Union of European Academies for Sciences applied to Agriculture, Food and Nature
- Founded: 1999
- Official language: English
- Website: https://ueaa.info/

= Union of European Academies for Sciences applied to Agriculture, Food and Nature =

European network of Academies in Agricultural and Environmental Sciences

The Union of European Academies for Sciences applied to Agriculture, Food and Nature (UEAA) is a European network of national academies and scientific institutions focused on agriculture, food, and environmental sciences.

==History==
UEAA was founded in Bologna in 1999 and its statutes were formally adopted during the first General Assembly held in Florence in October 2000. The organisation initially included 14 member academies and has since expanded to include institutions from a wide range of European countries.

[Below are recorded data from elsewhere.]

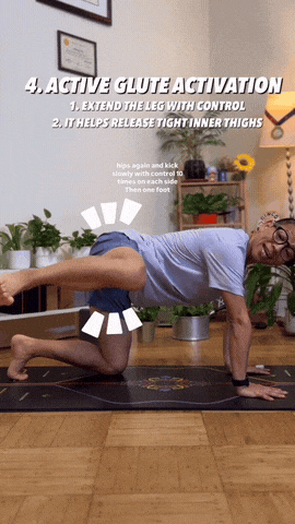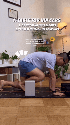 → 吸气髋部向前,呼气再向后。像在"磨石臼",前后移动10次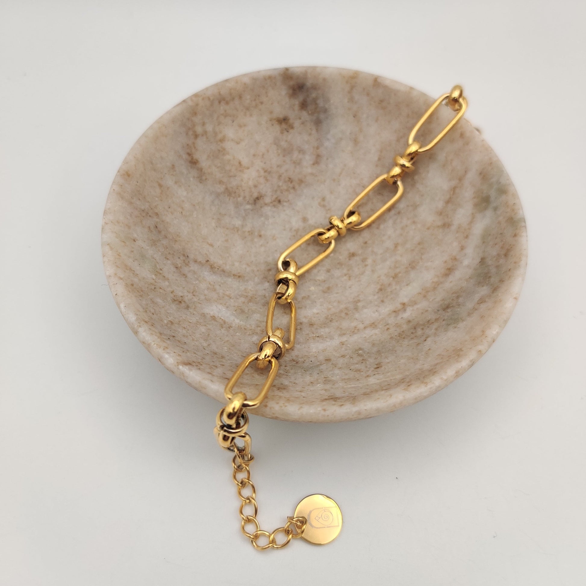This bracelet is feminine and simple. The subtle contrast between the bold lines of the paperclip style and the soft curves of the bows-style links brings a harmonious balance to the design.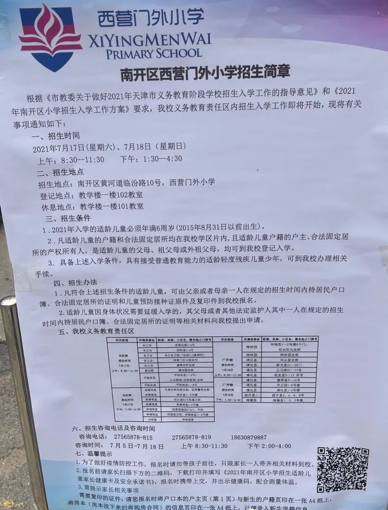 2021年天津市南开区西营门外小学招生简章,含招生咨询电话和学区范围划分

For the 2024–2026 term, The Academy of Agricultural and Forestry Sciences "Gheorghe Ionescu-Șișești" of Romania has the presidency of the UEAA, and Prof. Dr. Ioan Jelev, is the current UEAA President.

==Scope and activities==
UEAA aims at promoting the cooperation among academies in the fields of agricultural science, food production, land use, forestry and forest products, and natural resource management. Its objectives include fostering scientific exchange, supporting innovation and sustainable development, and contributing scientific advice to policymakers and society.

The organisation provides a platform for collaboration between scientists and institutions across Europe, facilitating comparative studies, dissemination of knowledge, and public communication of science-based information.

UEAA operates through a General Assembly composed of its member academies, which meets periodically and oversees the organisation's activities and governance. Membership is open to European academies and similar institutions engaged in scientific research related to agriculture, food, and nature.

UEAA organises scientific meetings, symposia, and general assemblies, and contributes to discussions on European research policy, particularly in the agricultural and food sectors. It also promotes interdisciplinary research and international cooperation among scientists.